Previous studies have demonstrated that adolescents are more likely to engage in a spectrum of lifestyle risk behaviours, such as high sugar-sweetened beveages consumption, being physically inactive, engaging in sedentary behaviour and excessive screen time, which may have synergistic effects on health [13, 14]. The majority of studies focused on individual behavior [15] or summed multiple behaviors into an index score, e. g. a lifestyle risk index [7].

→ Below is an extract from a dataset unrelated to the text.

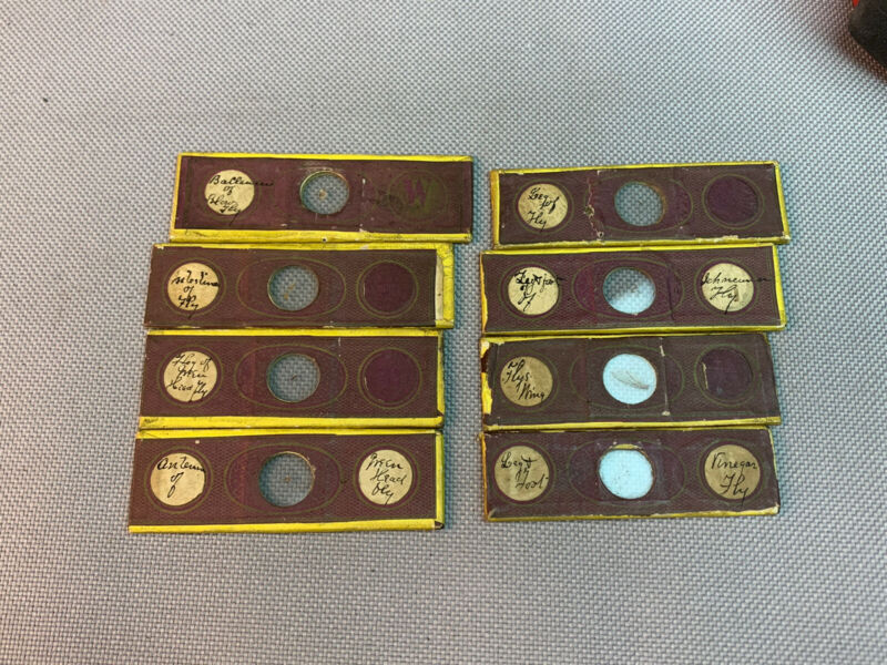 Title (ebay affiliate link): Lot Of 8 Antique Microscope slides Sections Of Fly Leg Wing Antennae

Adolescents establish patterns of behavior and make lifestyle choices that affect both their current and future health and well-being [16, 17]. The onset of adolescence represents an important turning point in an individual’s life, not only from a psychological point of view, but also with regard to the emergence of psychopathology [18]. Given the importance of this transitional period and the need for targeted preventive efforts, as well as the high prevalence of depressive symptoms, non-suicidal self-injury and suicide behaviors among Chinese children and adolescents [1, 3], the aim of this longitudinal study was to gather information on developmental trajectory of a combination of modifiable, health-related behaviors among Chinese children over the transition to adolescence, and to evaluate their associations with self-destructive behaviors (non-suicidal self-harm, suicide ideation) and depressive symptoms.

Methods

Study design and participants

The present study used data of an ongoing longitudinal study examining psychosocial determinants of growth and development in Anhui Province, China. As illustrated in Fig. 1, of a total of 2025 students in grade 1 to 3 from four large elementary schools of Bengbu city, 1974 (1104 boys, 55.9%) agreed to participate. Bengbu city, located in north Anhui Province of China. The gross domestic product per capita (GDP) increased by over 12% annually, doubling the figure of the former period before 2010. It is one of the representative cities in China in terms of its urbanization and economic development.

Fig. 1
figure1

Flowchart of Participants Follow-up

Baseline survey started in March 2013, and subsequent waves of data collection took place 2 years (wave 2), 4 years (wave 3) and 5 years (wave 4) later. We secured approval from Institutional Review Boards at Anhui Medical University and then obtained written informed consent from parents and school teachers, as well as child assent. Parents of the students completed baseline questionnaire survey at home. In subsequent waves, questionnaires were completed by students in class at school with supervising research assistants available to answer questions following a standard script.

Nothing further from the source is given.